TextRL
1.0.0
Textrl ist eine Python -Bibliothek, die darauf abzielt, die Textgenerierung mithilfe von Verstärkungslernen zu verbessern, auf den Transformers von Face, PFRL und Openai Gym zu rücken. Textrl ist so konzipiert, dass es leicht anpassbar ist und auf verschiedene Modelle für Textgenerationen angewendet werden kann.
Textrl verwendet Verstärkungslernen, um Modelle für die Erzeugung von Textgenerierung zu optimieren. Es basiert auf den folgenden Bibliotheken:
gpt2 import pfrl
from textrl import TextRLEnv , TextRLActor , train_agent_with_evaluation
from transformers import AutoModelForCausalLM , AutoTokenizer
import logging
import sys
logging . basicConfig ( level = logging . INFO , stream = sys . stdout , format = '' )
checkpoint = "gpt2"
tokenizer = AutoTokenizer . from_pretrained ( checkpoint )
model = AutoModelForCausalLM . from_pretrained ( checkpoint , torch_dtype = "auto" , device_map = "auto" )
model = model . cuda ()
class MyRLEnv ( TextRLEnv ):
def get_reward ( self , input_item , predicted_list , finish ): # predicted will be the list of predicted token
reward = [ 0 ]
if finish :
reward = [ 1 ] # calculate reward score base on predicted_list
return reward
observaton_list = [{ "input" : "explain how attention work in seq2seq model" }]
env = TextRLEnv ( model , tokenizer , observation_input = observaton_list , max_length = 20 , compare_sample = 2 )
actor = TextRLActor ( env , model , tokenizer ,
act_deterministically = False ,
temperature = 1.0 ,
top_k = 0 ,
top_p = 1.0 ,
repetition_penalty = 2 )
agent = actor . agent_ppo ( update_interval = 2 , minibatch_size = 2 , epochs = 10 )
print ( actor . predict ( observaton_list [ 0 ]))
train_agent_with_evaluation (
agent ,
env ,
steps = 100 ,
eval_n_steps = None ,
eval_n_episodes = 1 ,
eval_interval = 2 ,
outdir = 'bloom—test' ,
)
print ( actor . predict ( observaton_list [ 0 ]))flan-t5Colab Beispiel: Google/Flan-T5-Base
import pfrl
from textrl import TextRLEnv , TextRLActor , train_agent_with_evaluation
from transformers import AutoModelForSeq2SeqLM , AutoTokenizer
import logging
import sys
logging . basicConfig ( level = logging . INFO , stream = sys . stdout , format = '' )

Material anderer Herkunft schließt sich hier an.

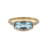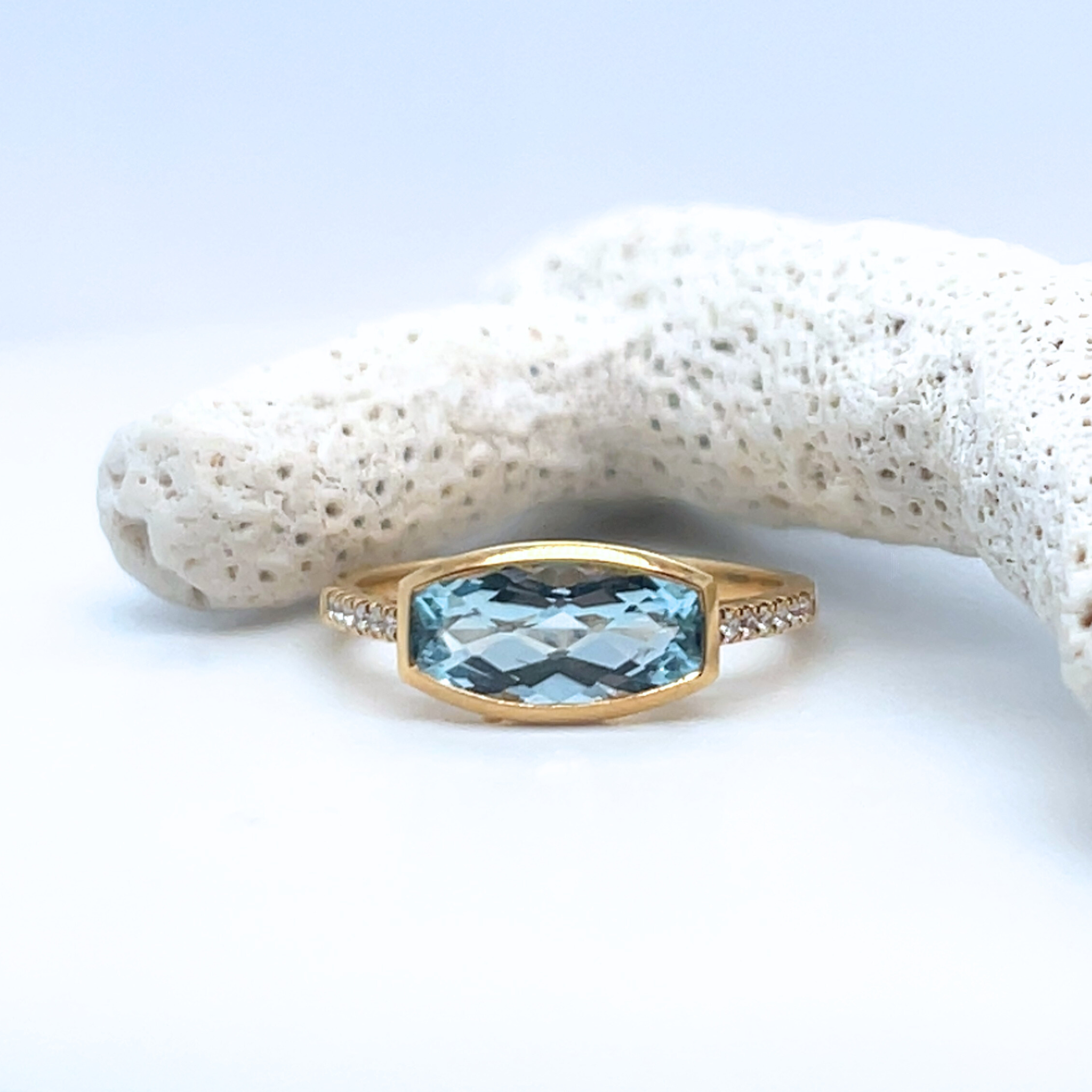 1.90ct elongated cushion-cut blue topaz with 0.09ct diamond accents in 18kt yellow gold — luminous, feminine, and elegantly refined.

tokenizer = AutoTokenizer . from_pretrained ( "google/flan-t5-base" )
model = AutoModelForSeq2SeqLM . from_pretrained ( "google/flan-t5-base" )
model . eval ()
model . cuda ()
sentiment = pipeline ( 'sentiment-analysis' , model = "cardiffnlp/twitter-roberta-base-sentiment" , tokenizer = "cardiffnlp/twitter-roberta-base-sentiment" , device = 0 , return_all_scores = True )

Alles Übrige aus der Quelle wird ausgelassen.